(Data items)
========

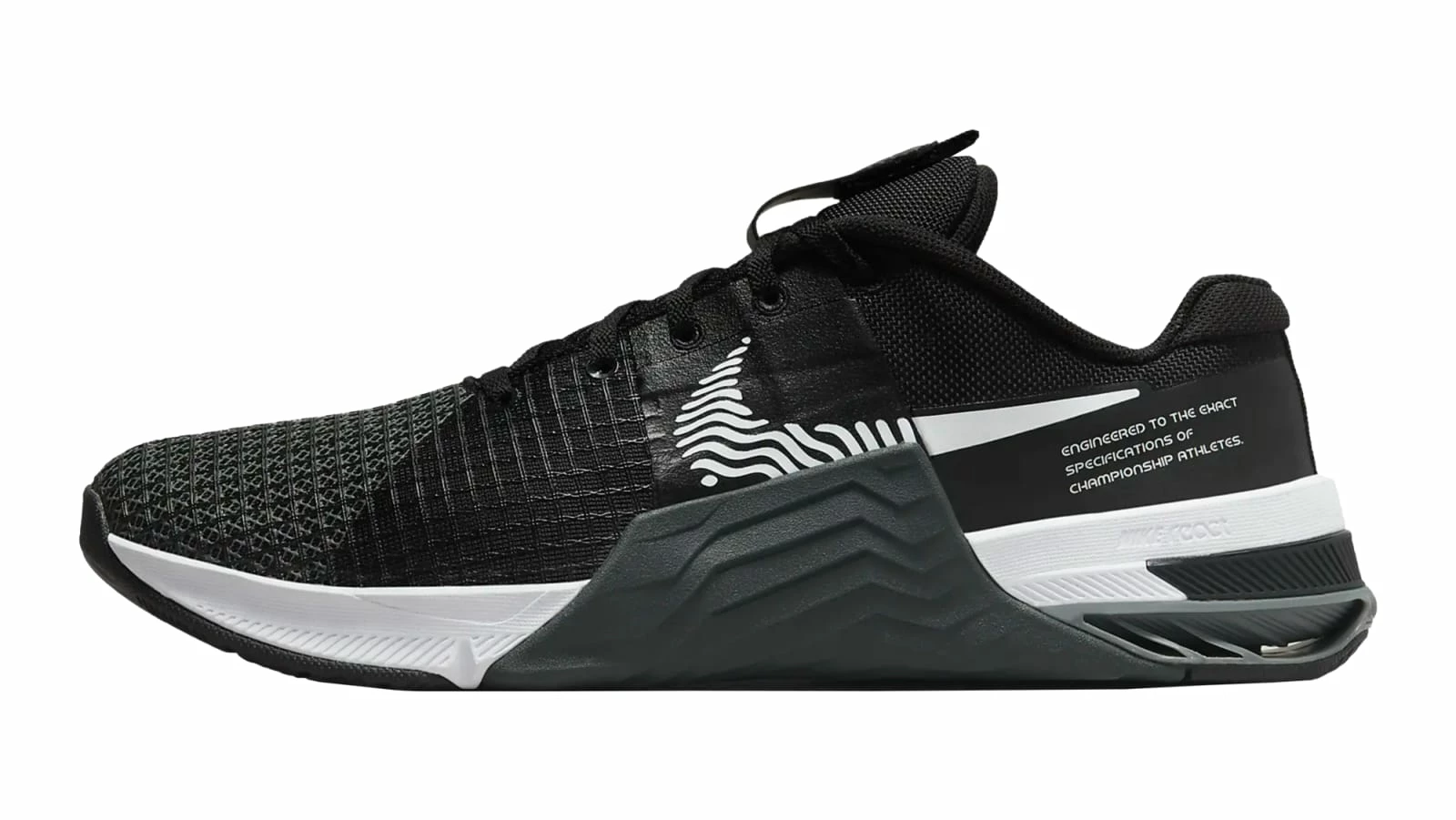 The Metcon 8’s lightweight mesh and strategically textured overlays keep your feet cool without sacrificing durability. Rubber tread on the outsole and up the side of the shoe provides directional traction from the training room floor to the pavement, and flywire cables integrate with the laces to secure the midfoot.
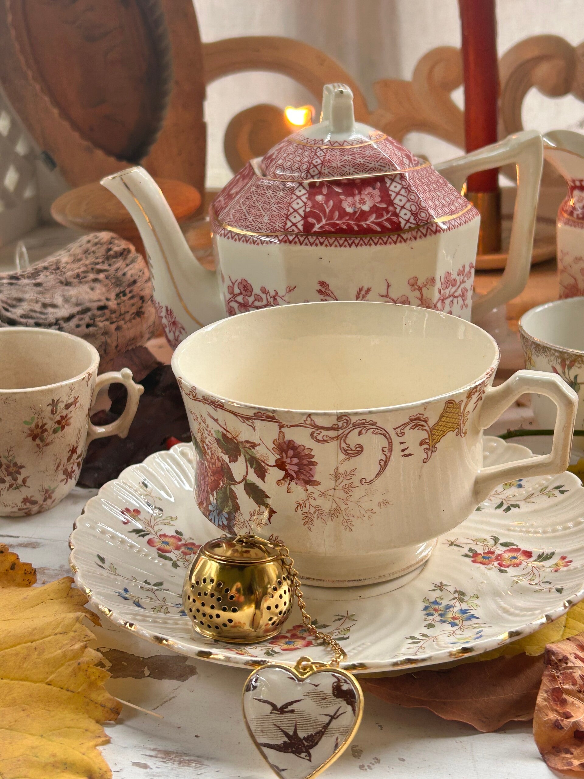 Un infuseur à thé aussi poétique qu’utile. Son pendentif en forme de cœur dorérenferme un fragment d’assiette ancienne en terre de fer HB & Compagnie, décorée de délicates hirondelles en plein vol.
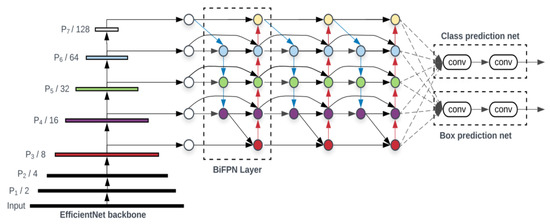 Under the EfficientDet backbone network, we propose a weighted bi-directional feature pyramid network (BiFPN). This network enables simple and rapid multi-scale feature fusion. As depicted in Figure 5, a notable feature of this network is its ability to integrate more feature information without increasing the computational overhead.
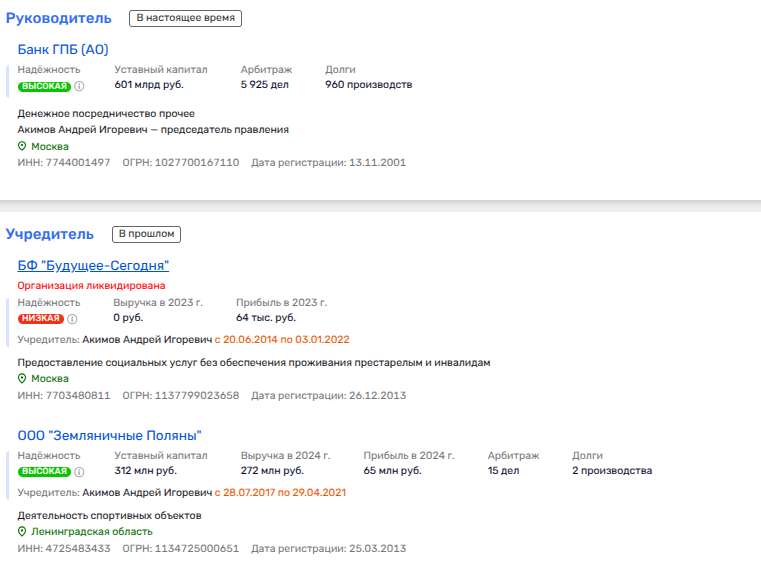 Самое занятное, что ранее в числе владельцев ООО «Земляничные поляны» мы видим не только кипрское ARBARO INVESTMENTS LIMITED, но и Андрея Акимова - нынешнего главу правления того самого спонсирующего частный гольф-клуб государственного Газпромбанка.
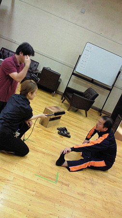稽古場では、稽古に入る前、冒頭に流れるビデオ映像の撮影がおこなわれました。

========

Task objective:
Find the line that contains "Under the EfficientDet", then write out that line and each one after it, exactly and with nothing else, through the end of the entries above, without the pictures.

Reply:
 Under the EfficientDet backbone network, we propose a weighted bi-directional feature pyramid network (BiFPN). This network enables simple and rapid multi-scale feature fusion. As depicted in Figure 5, a notable feature of this network is its ability to integrate more feature information without increasing the computational overhead.
 Самое занятное, что ранее в числе владельцев ООО «Земляничные поляны» мы видим не только кипрское ARBARO INVESTMENTS LIMITED, но и Андрея Акимова - нынешнего главу правления того самого спонсирующего частный гольф-клуб государственного Газпромбанка.
稽古場では、稽古に入る前、冒頭に流れるビデオ映像の撮影がおこなわれました。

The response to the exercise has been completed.